Return the following lines and nothing else: the one holding "конструкция телескопическая, монтаж" and all those after it in the records below, unchanged, minus any pictures.

[Items from a dataset]
##########

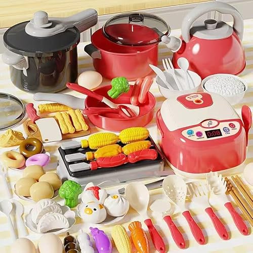 NXPZ 68 Pcs Komplettset für Kinderküchenzubehör, Küchen Rollenspiel Spielzeug, Küchenspielzeug mit Töpfen und Pfannen, Mädchen und Jungen von 3 bis 8 Jahren
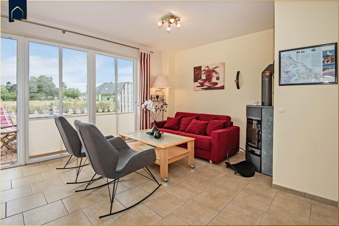 Im Inneren erwarten dich zwei gemütliche Schlafzimmer, ein offener Wohn- und Essbereich mit Kaminofen, Sofa und Essplatz sowie eine voll ausgestattete Küche mit Backofen, Mikrowelle, Kühlschrank, Gefrierfach und Kaffeemaschine (inkl. Espressomaschine). Für Unterhaltung sorgen drei Fernseher, ein Radio, CD-Spieler, Bücher und Spiele – ideal für entspannte Abende. Zwei Badezimmer – eines mit Dusche, das andere mit Badewanne – bieten Komfort für Familien oder zwei Paare. Eine Fußbodenheizung sorgt auch in der kühleren Jahreszeit für wohlige Wärme.
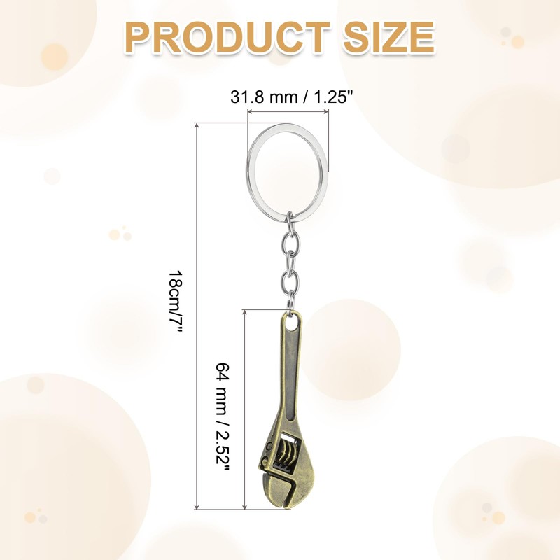 - Color: Bronze; Material: Metal; Wrench Length: 64 mm / 2.52 inch; Keyring Diameter: 31.8 mm / 1.25 inch; Package Contents: 2 x Key Chain Rings
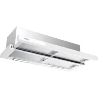 конструкция телескопическая, монтаж для встраивания, ширина 89.8 см, управление механическое/кнопочное, производительность мотора 800 м³/ч, цвет белый/нержавеющая сталь. Имеются в продаже оригинальные угольные фильтры для данной модели.
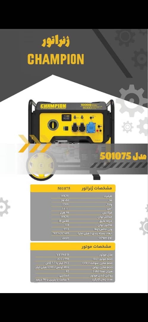 چمپیون یکی از برندهای معتبر آمریکایی در زمینه تولید ژنراتورهای قابل حمل و موتور برق است. محصولات این برند به دلیل کیفیت ساخت بالا، دوام زیاد، صدای کم و مصرف سوخت بهینه، در بازار جهانی و ایران محبوبیت زیادی دارند.
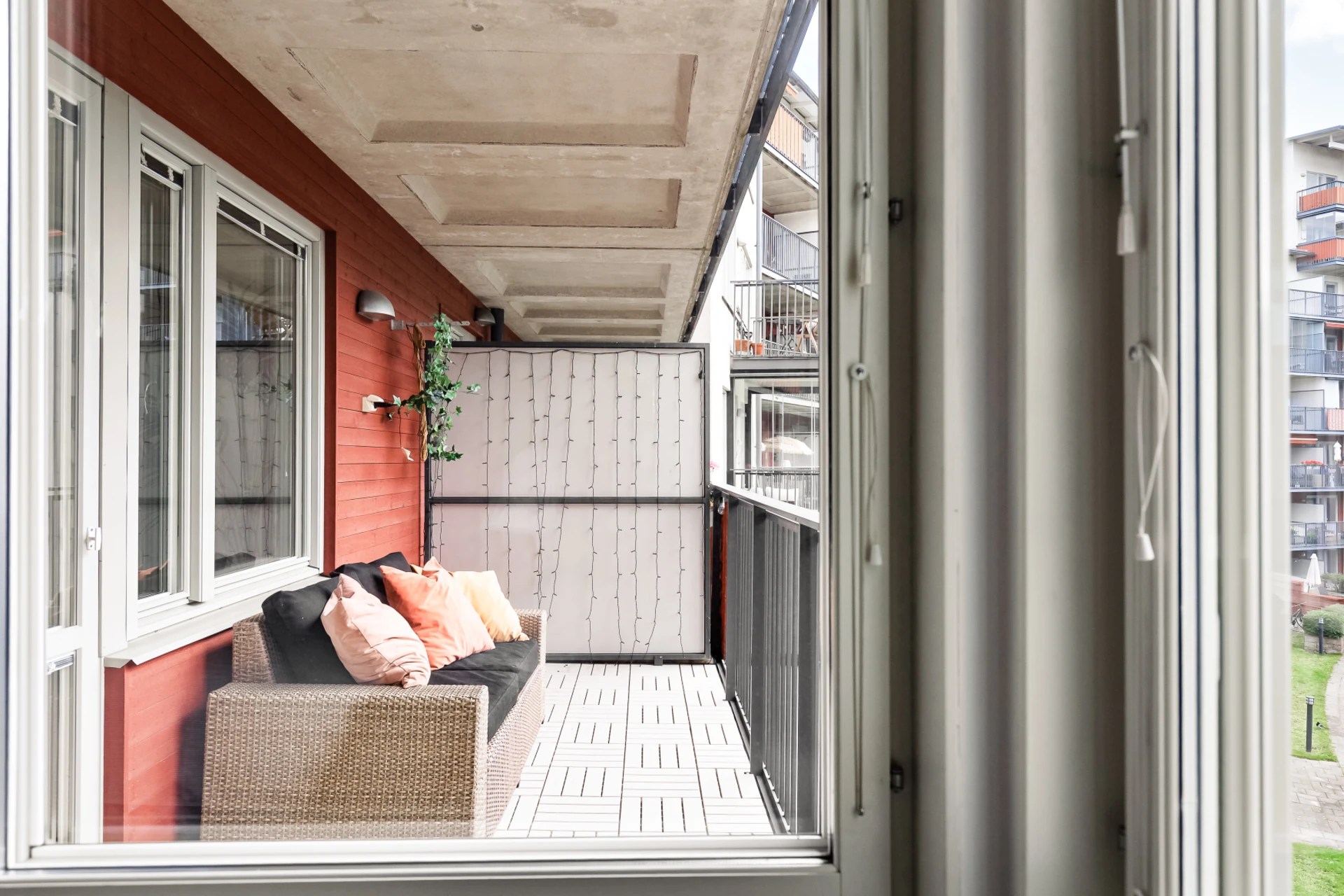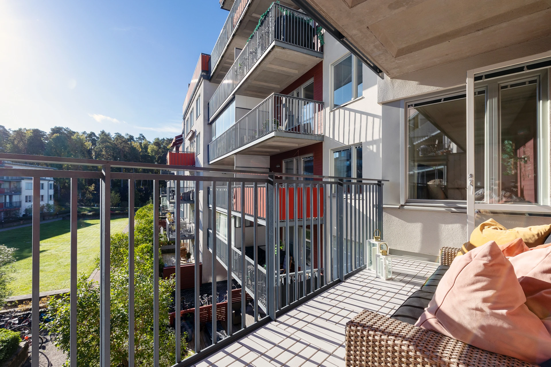 Stor balkong mot trevlig gård med trall. Gott om plats för utemöbler och egna planteringar.

##########

YOUR SOLUTION
 конструкция телескопическая, монтаж для встраивания, ширина 89.8 см, управление механическое/кнопочное, производительность мотора 800 м³/ч, цвет белый/нержавеющая сталь. Имеются в продаже оригинальные угольные фильтры для данной модели.
 چمپیون یکی از برندهای معتبر آمریکایی در زمینه تولید ژنراتورهای قابل حمل و موتور برق است. محصولات این برند به دلیل کیفیت ساخت بالا، دوام زیاد، صدای کم و مصرف سوخت بهینه، در بازار جهانی و ایران محبوبیت زیادی دارند.
 Stor balkong mot trevlig gård med trall. Gott om plats för utemöbler och egna planteringar.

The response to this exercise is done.